**Raw data**:
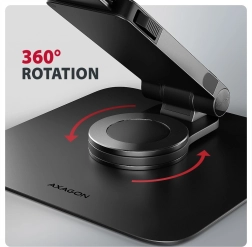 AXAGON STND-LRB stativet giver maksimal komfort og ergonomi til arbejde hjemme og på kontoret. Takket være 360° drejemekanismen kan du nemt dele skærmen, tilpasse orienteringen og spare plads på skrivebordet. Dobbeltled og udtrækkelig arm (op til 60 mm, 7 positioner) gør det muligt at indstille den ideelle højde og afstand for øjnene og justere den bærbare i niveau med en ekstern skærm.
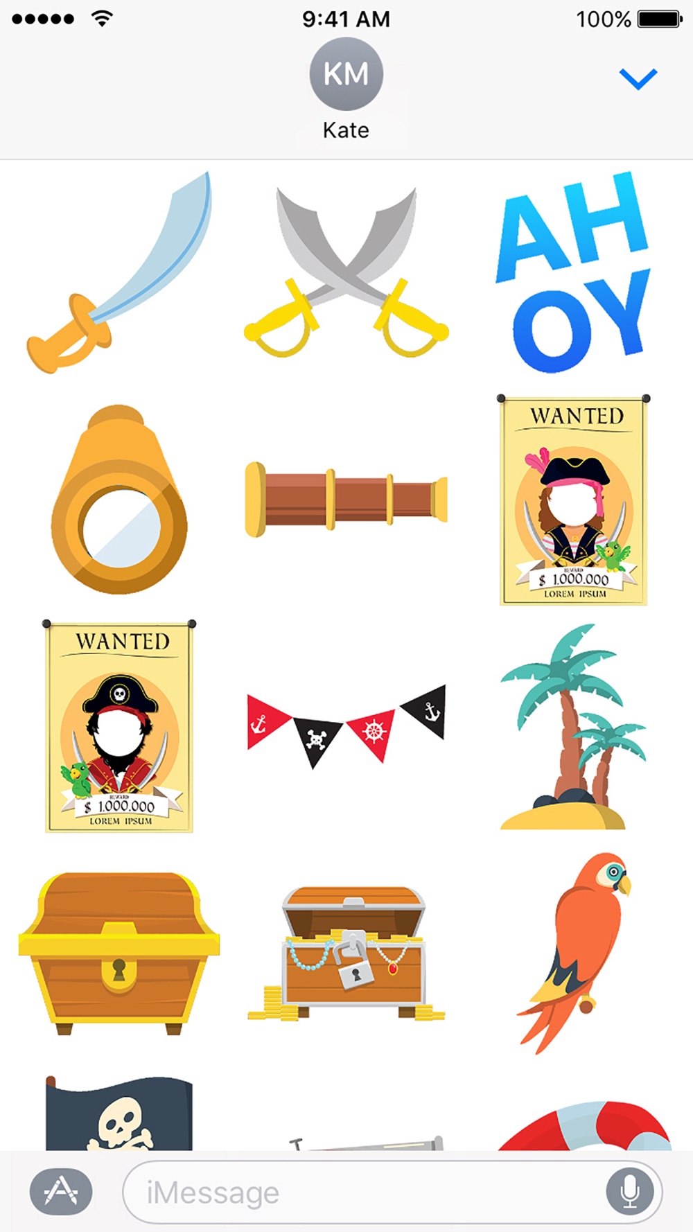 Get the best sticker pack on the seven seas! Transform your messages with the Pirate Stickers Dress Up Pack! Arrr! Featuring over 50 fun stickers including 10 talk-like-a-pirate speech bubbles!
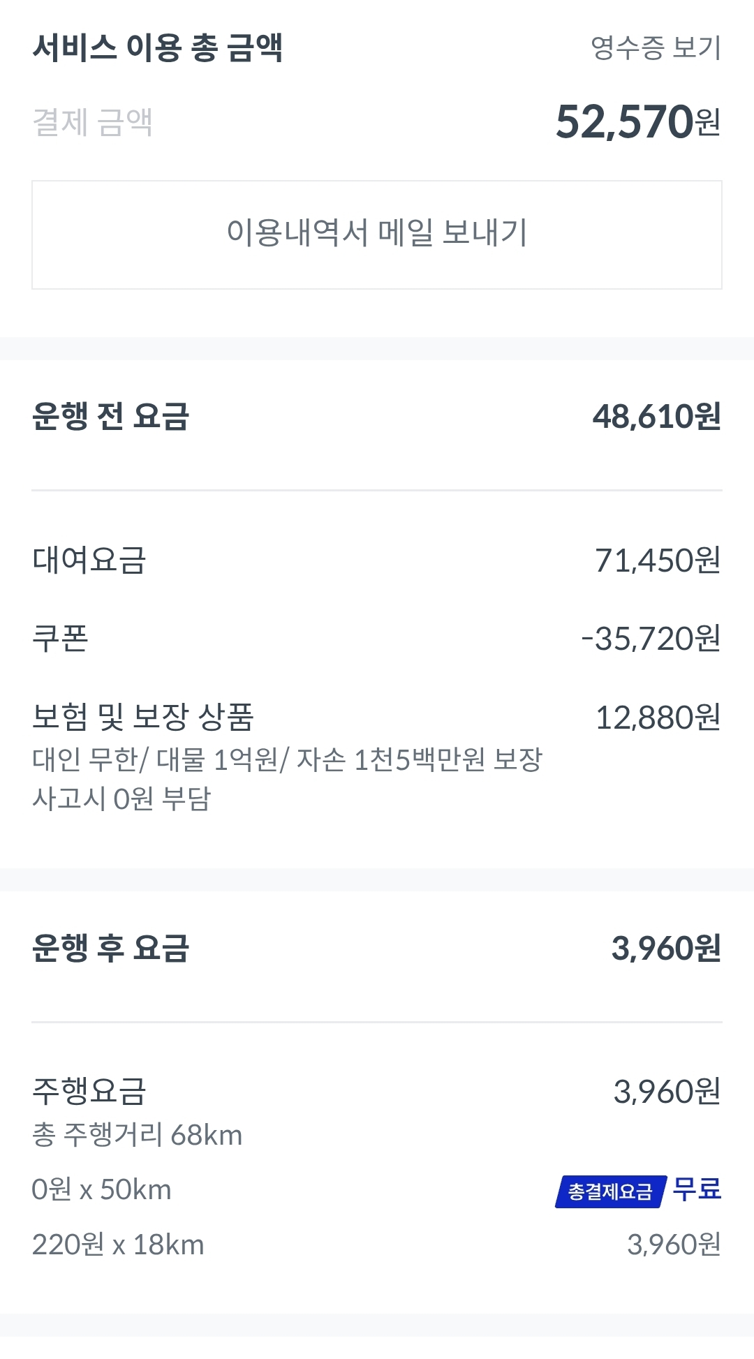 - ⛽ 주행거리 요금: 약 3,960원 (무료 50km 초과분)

**Your assignment**:
Drop every picture from the data, then output all the rest exactly.

**Reply**:
 AXAGON STND-LRB stativet giver maksimal komfort og ergonomi til arbejde hjemme og på kontoret. Takket være 360° drejemekanismen kan du nemt dele skærmen, tilpasse orienteringen og spare plads på skrivebordet. Dobbeltled og udtrækkelig arm (op til 60 mm, 7 positioner) gør det muligt at indstille den ideelle højde og afstand for øjnene og justere den bærbare i niveau med en ekstern skærm.
 Get the best sticker pack on the seven seas! Transform your messages with the Pirate Stickers Dress Up Pack! Arrr! Featuring over 50 fun stickers including 10 talk-like-a-pirate speech bubbles!
 - ⛽ 주행거리 요금: 약 3,960원 (무료 50km 초과분)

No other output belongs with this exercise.